Personal information
- Full name: Linda Christelle Angounou Ngouayaka
- Nationality: Cameroonian
- Born: 23 September 1992 (age 33)

Sport
- Sport: Athletics
- Event: Hurdles

Achievements and titles
- Personal bests: 400m hurdles: 55.94 (Troyes, 2023) NR

Medal record
Women's athletics
Representing Cameroon
African Championships
| Bronze medal – third place | 2024 Douala | 400 m hurdles |
| Bronze medal – third place | 2026 Accra | 400 m hurdles |
African Games
| Bronze medal – third place | 2023 Accra | 400 m hurdles |
Islamic Solidarity Games
| Bronze medal – third place | 2021 Konya | 400 m hurdles |
| Bronze medal – third place | 2025 Riyadh | 400 m hurdles |
Jeux de la Francophonie
| Silver medal – second place | 2023 Kinshasa | 400m hurdles |
| Gold medal – first place | 2023 Kinshasa | 4x100 m relay |
| Silver medal – second place | 2023 Kinshasa | 4x400 m relay |

= Linda Angounou =

Cameroonian athlete (born 1992)

Linda Christelle Angounou Ngouayaka (born 23 September 1992) is a Cameroonian hurdler. She is the national record holder over 400 metres hurdles.

==Biography==
In 2022, Angounou finished fourth in the 400 metres hurdles final at the 2022 African Championships in Mauritius.

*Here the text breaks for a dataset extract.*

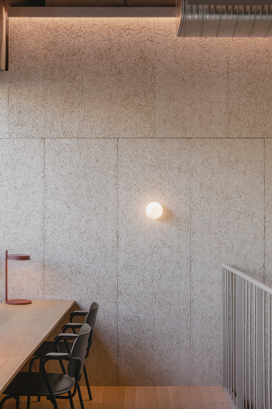 The cork clad staircase punches through the new slab opening connecting the ground floor cafe to a raised lounge, mezzanine podcast studio, sunken snug and elevated street-facing hot desks creating a dynamic spatial interplay. Communal spaces are strategically employed to facilitate the connection and collaboration that defines The Commons’ creative clientele.

She competed at the 2022 Commonwealth Games in Birmingham.

She won the bronze medal 400 metres hurdles at the 2021 Islamic Solidarity Games in August 2022, in Konya, Turkey.

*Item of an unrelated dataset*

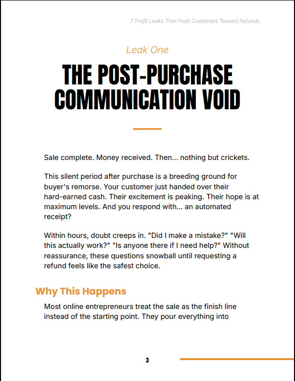 7 Profit Leaks That Push Customers Toward Refunds reveals why customers who were excited enough to buy suddenly disappear, disengage, or request refunds. Instead of blaming product quality, this guide uncovers the real issue — broken post-purchase experiences. With practical fixes and clear frameworks, you’ll learn how to create a smooth, trust-building journey that keeps customers satisfied and committed.

In July 2023, she set a personal best and national record over the 400m hurdles in Troyes, running 55.94 seconds.

She won silver in the 400m hurdles at the Francophone Games in Kinshasa in August 2023. At the same games, she won gold with the Cameroon women's 4 × 100 m relay team, and silver with the women's 4 × 400 m relay team.

She won bronze at the delayed 2023 African Games in Accra in the 400m hurdles in March 2024, running 56.41 seconds. She competed in the 400 metres hurdles at the 2024 Summer Olympics in Paris in August 2024.

In May, she again won the bronze medal at the 2026 African Championships in Athletics in Accra, Ghana. She competed in the 400 metres hurdles at the 2026 Commonwealth Games in Glasgow, Scotland.